Proof [click to expand]

The fact that $\chi_k$ is a character follows directly from the definition of a character.

To see that $F$ is a homomorphism, we must show that $\chi_{k_1 + k_2} = \chi_{k_1}\cdot\chi_{k_2}$ for all $k_1,k_2\in\mathbb{Z}/N$.

Let $k_1,k_2\in\mathbb{Z}/N$ be elements of $\mathbb{Z}/N$. Then for all $l\in\mathbb{Z}/N$:

\[\begin{align*} \chi_{k_1 + k_2}(l) &= \omega_N^{(k_1 + k_2)l} \\ &= \omega_N^{k_1 l}\cdot \omega_N^{k_2 l} \\ &= \chi_{k_1}(l)\cdot\chi_{k_2}(l) \end{align*}\]

To see that $F$ is injective, note that if $k\in\mathbb{Z}/N$ is in the kernel of $F$ then $\chi_k(l) = \omega_N^{kl} = 1$ for all $l\in\mathbb{Z}/N$. But this implies that $k=0$.

To see that $F$ is surjective, let $\chi\in\widehat{Z/N}$ be a character. By Character Properties, $\chi(1)^N=1$. Therefore, there exists some $k\in\mathbb{Z}/N$ such that $\chi(1) = \omega_N^k$. It is easy to see that $\chi = F(k)$.

q.e.d

Now suppose that the group $G$ is a product:

\[G = \prod_{l=1}^L G_l\]

If $\chi_l\in\hat{G}_l$ is a character on $G_l$ then we can define a character $P(\chi_1,\dots,\chi_L)$ on $G$ by:

\[\begin{align*} P(\chi_1,\dots,\chi_L): G &\rightarrow \mathbb{C}^\times \\ (g_1,\dots,g_l) &\mapsto \prod_{l=1}^L\chi_l(g_l) \end{align*}\]

This defines a function:

\[P: \prod_{l=1}^L \hat{G_l} \rightarrow \hat{G}\]

The following claim says that all characters on $G$ are of this form.

Claim (Product Character Group).
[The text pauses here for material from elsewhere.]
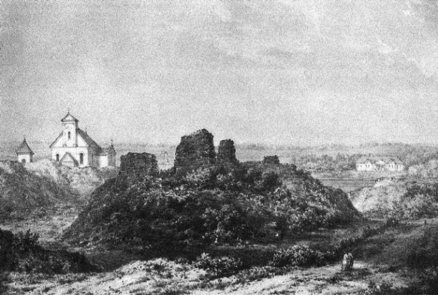 Ruiny zamku na rysunku Napoleona Ordy w XIX wieku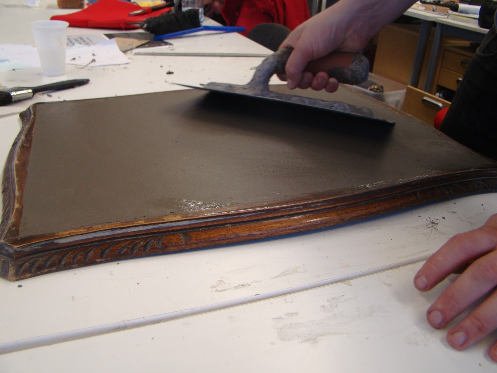 One is the carrying on of the furniture restoration. The different parts that need testing at the moment are the new mix of concrete including a higher fly ash level and a fewer sand level, using a series of plastic fibres, pigments and two different topical sealants. These will all be tested tomorrow, as well as a mould being made out of silicone.

Let the finite group $G$ be a product:

\[G = \prod_{l=1}^L G_l\]

Then the function

\[P: \prod_{l=1}^L \hat{G_l} \rightarrow \hat{G}\]

defined above is an isomorphism of groups.

Proof [click to expand]

It is easy to see that $P$ is a homomorphism. To see that $P$ is injective, suppose that $(\chi_1,\dots,\chi_L)$ is in the kernel of $P$. That implies that for all $(g_1,\dots,g_L)\in G$:

\[P(\chi_1,\dots,\chi_L)(g_1,\dots,g_L) = \prod_{l=1}^L\chi_l(g_l) = 1\]

In particular, if we choose $g_l$ to be the identity for all $l > 1$ then we get that:

\[\prod_{l=1}^L\chi_l(g_l) = \chi_1(g_1) = 1\]

for all $g_1\in G_1$. This implies that $\chi_1 = 1$. The same argument shows that $\chi_l = 1$ for all $l$ which means that the kernel of $P$ is trivial.

To show that $P$ is surjective, let $\chi$ be a character on $G$. The restriction of $\chi$ to $G_l$ is a character on $G_l$ which we will denote by $\chi_{G_l}$. It is easy to see that $P(\chi_{G_1},\dots,\chi_{G_L}) = \chi$.

q.e.d

The next claim follows immediately from the previous two claims and the Fundamental Theorem of Abelian Groups.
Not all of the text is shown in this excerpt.